### Brief
Within the entries below, the lines from the one with "Funda de Cuero" through the one with "Игра представляет собой" are to be set down exactly, both ends kept.

### Data for this task
= = = = =
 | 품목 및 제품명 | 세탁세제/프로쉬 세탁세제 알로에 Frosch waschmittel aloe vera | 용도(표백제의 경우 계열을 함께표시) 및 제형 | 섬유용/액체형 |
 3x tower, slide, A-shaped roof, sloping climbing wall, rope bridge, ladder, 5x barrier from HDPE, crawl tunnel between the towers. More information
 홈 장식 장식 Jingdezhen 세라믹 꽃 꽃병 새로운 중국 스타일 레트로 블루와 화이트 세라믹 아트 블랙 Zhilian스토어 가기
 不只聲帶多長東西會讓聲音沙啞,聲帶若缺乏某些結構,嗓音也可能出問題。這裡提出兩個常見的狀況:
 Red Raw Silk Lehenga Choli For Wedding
= = = = =
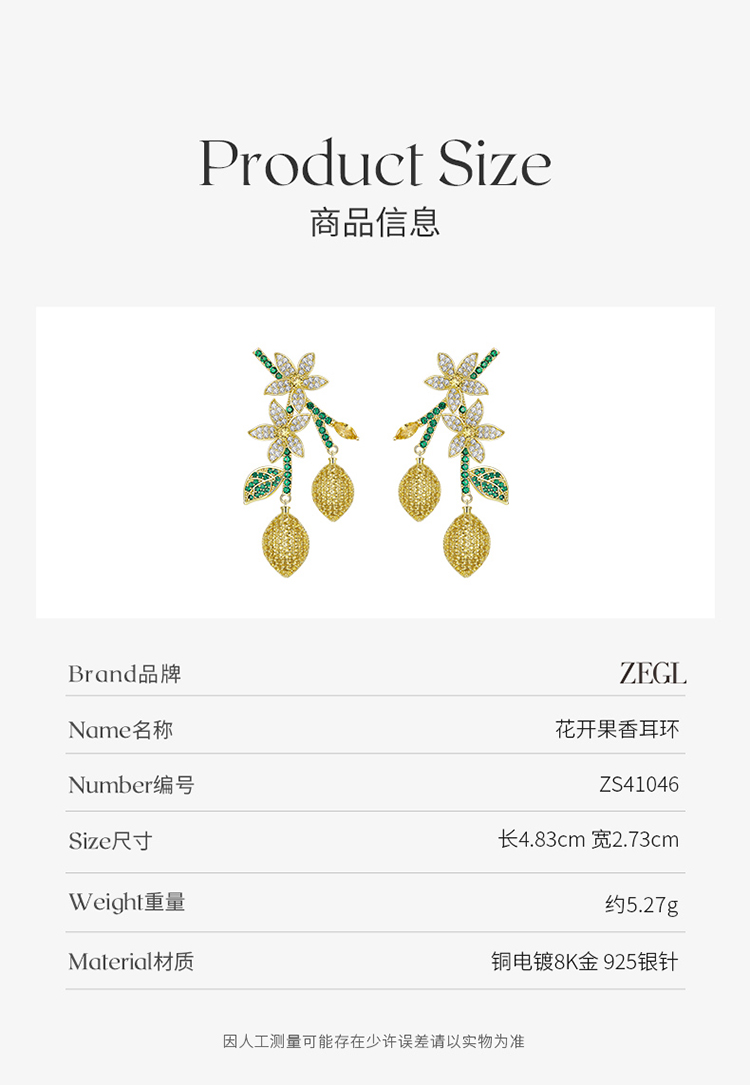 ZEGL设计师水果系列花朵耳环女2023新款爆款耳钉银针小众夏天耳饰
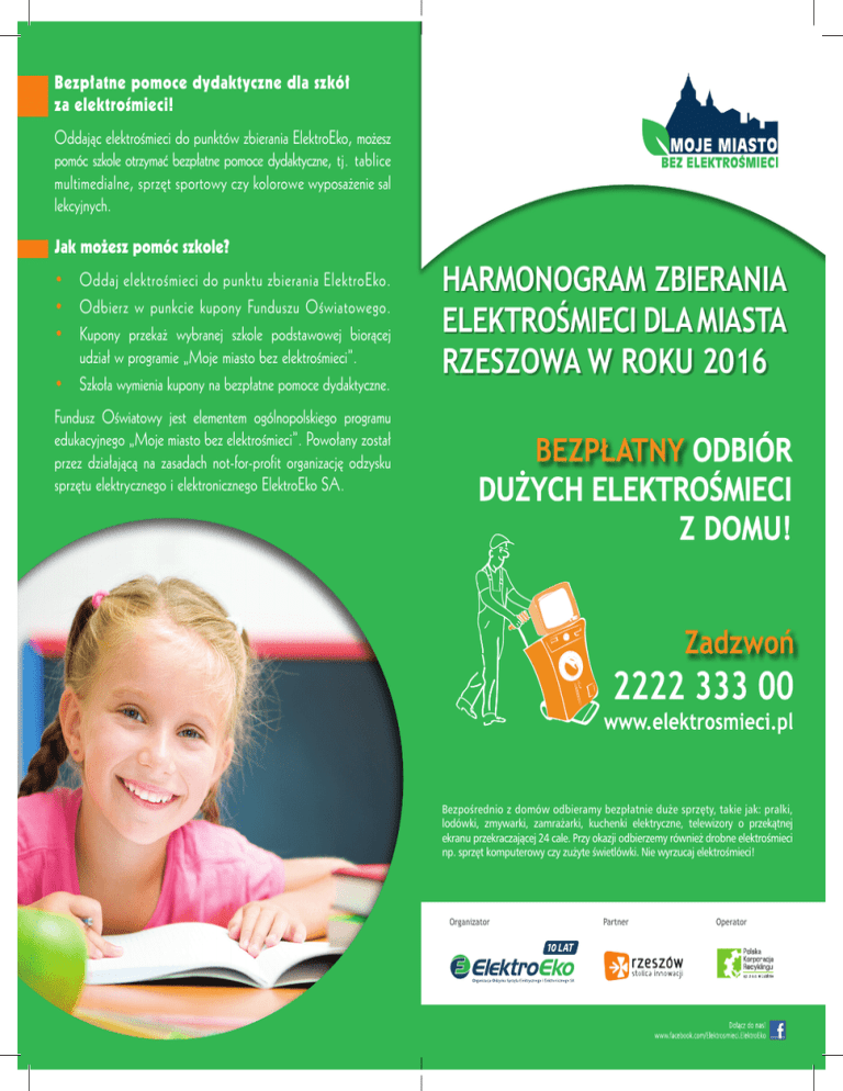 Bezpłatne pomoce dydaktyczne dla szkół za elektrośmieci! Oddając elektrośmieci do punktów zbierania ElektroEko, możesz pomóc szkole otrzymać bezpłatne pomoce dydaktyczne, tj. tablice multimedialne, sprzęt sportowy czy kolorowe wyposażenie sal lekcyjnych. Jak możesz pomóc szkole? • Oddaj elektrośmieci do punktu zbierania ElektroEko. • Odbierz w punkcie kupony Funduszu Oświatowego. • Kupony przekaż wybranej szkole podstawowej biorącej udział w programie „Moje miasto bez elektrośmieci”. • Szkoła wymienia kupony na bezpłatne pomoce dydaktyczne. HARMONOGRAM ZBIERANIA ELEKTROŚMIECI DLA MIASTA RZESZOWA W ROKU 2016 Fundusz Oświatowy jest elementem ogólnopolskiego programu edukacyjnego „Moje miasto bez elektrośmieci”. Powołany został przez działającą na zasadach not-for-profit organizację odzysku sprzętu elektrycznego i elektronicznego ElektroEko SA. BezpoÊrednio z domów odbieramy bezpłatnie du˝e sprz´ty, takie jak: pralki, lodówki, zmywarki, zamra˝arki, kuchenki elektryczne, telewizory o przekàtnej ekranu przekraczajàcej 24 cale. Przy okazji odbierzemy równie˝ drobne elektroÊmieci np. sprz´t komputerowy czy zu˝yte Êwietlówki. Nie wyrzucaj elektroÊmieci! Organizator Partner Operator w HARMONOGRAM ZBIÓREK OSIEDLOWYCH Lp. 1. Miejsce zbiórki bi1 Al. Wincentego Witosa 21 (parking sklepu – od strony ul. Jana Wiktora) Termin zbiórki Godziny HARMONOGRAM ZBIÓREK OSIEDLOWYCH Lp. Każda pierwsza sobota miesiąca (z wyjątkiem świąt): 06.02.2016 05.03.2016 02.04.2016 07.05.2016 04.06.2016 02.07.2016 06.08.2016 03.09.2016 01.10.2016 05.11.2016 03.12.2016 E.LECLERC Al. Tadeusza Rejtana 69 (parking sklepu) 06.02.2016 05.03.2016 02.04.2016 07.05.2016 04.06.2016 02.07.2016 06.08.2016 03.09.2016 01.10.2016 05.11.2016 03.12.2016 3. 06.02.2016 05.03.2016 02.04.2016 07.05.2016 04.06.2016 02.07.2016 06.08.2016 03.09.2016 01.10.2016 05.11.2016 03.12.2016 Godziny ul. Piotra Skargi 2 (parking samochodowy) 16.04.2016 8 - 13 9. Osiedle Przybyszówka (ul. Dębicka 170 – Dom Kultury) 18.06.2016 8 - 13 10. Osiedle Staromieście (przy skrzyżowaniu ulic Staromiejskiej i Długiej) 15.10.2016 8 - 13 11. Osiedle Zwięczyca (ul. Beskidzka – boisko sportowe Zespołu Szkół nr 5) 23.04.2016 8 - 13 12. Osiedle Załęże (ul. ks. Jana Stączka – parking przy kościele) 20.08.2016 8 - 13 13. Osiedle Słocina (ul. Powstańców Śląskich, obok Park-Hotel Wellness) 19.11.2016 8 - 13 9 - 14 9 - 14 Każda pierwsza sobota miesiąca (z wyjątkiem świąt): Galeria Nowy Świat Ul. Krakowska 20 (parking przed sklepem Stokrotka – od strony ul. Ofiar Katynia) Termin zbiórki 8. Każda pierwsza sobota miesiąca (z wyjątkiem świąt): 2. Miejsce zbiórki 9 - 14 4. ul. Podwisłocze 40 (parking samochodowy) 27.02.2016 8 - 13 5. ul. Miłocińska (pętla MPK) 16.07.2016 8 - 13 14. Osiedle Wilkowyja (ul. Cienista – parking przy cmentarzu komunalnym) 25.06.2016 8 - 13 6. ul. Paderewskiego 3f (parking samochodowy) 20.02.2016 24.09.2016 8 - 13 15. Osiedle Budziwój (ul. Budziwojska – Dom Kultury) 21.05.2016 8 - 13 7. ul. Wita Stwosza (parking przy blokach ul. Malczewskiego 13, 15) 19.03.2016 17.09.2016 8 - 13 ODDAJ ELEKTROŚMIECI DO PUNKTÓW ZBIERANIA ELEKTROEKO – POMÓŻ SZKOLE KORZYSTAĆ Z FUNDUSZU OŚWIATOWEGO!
= = = = =
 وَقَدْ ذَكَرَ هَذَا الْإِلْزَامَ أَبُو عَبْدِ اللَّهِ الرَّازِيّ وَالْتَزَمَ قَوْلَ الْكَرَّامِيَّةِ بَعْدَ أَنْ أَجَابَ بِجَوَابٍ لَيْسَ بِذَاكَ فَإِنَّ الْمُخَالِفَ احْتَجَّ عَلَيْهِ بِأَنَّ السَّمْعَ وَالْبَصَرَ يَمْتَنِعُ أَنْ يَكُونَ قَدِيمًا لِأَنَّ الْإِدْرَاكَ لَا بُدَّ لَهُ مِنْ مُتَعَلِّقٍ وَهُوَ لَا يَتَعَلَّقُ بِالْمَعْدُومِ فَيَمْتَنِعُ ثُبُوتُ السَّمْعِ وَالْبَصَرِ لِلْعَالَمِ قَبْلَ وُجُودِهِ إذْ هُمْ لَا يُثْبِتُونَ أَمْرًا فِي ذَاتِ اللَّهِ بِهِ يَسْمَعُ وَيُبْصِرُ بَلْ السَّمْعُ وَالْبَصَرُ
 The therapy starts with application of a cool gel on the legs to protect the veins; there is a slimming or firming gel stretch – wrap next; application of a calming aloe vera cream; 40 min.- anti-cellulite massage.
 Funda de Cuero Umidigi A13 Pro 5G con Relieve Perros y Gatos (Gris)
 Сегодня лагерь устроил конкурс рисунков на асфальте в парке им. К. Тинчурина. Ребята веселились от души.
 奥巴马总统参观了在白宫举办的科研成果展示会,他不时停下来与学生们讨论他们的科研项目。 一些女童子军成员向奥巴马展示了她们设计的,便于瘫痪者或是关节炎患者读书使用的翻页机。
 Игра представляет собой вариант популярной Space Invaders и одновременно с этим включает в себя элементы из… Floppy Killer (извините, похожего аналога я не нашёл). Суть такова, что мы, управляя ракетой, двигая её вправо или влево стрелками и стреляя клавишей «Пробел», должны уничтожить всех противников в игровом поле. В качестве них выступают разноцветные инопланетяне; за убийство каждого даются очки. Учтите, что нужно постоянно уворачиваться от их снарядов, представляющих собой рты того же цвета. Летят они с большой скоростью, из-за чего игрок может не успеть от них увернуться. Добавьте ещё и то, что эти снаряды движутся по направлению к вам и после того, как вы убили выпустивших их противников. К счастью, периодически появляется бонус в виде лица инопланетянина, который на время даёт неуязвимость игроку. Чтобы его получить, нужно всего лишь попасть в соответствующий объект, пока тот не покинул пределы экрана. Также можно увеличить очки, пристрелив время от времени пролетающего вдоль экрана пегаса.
= = = = =
### Expected output
 Funda de Cuero Umidigi A13 Pro 5G con Relieve Perros y Gatos (Gris)
 Сегодня лагерь устроил конкурс рисунков на асфальте в парке им. К. Тинчурина. Ребята веселились от души.
 奥巴马总统参观了在白宫举办的科研成果展示会,他不时停下来与学生们讨论他们的科研项目。 一些女童子军成员向奥巴马展示了她们设计的,便于瘫痪者或是关节炎患者读书使用的翻页机。
 Игра представляет собой вариант популярной Space Invaders и одновременно с этим включает в себя элементы из… Floppy Killer (извините, похожего аналога я не нашёл). Суть такова, что мы, управляя ракетой, двигая её вправо или влево стрелками и стреляя клавишей «Пробел», должны уничтожить всех противников в игровом поле. В качестве них выступают разноцветные инопланетяне; за убийство каждого даются очки. Учтите, что нужно постоянно уворачиваться от их снарядов, представляющих собой рты того же цвета. Летят они с большой скоростью, из-за чего игрок может не успеть от них увернуться. Добавьте ещё и то, что эти снаряды движутся по направлению к вам и после того, как вы убили выпустивших их противников. К счастью, периодически появляется бонус в виде лица инопланетянина, который на время даёт неуязвимость игроку. Чтобы его получить, нужно всего лишь попасть в соответствующий объект, пока тот не покинул пределы экрана. Также можно увеличить очки, пристрелив время от времени пролетающего вдоль экрана пегаса.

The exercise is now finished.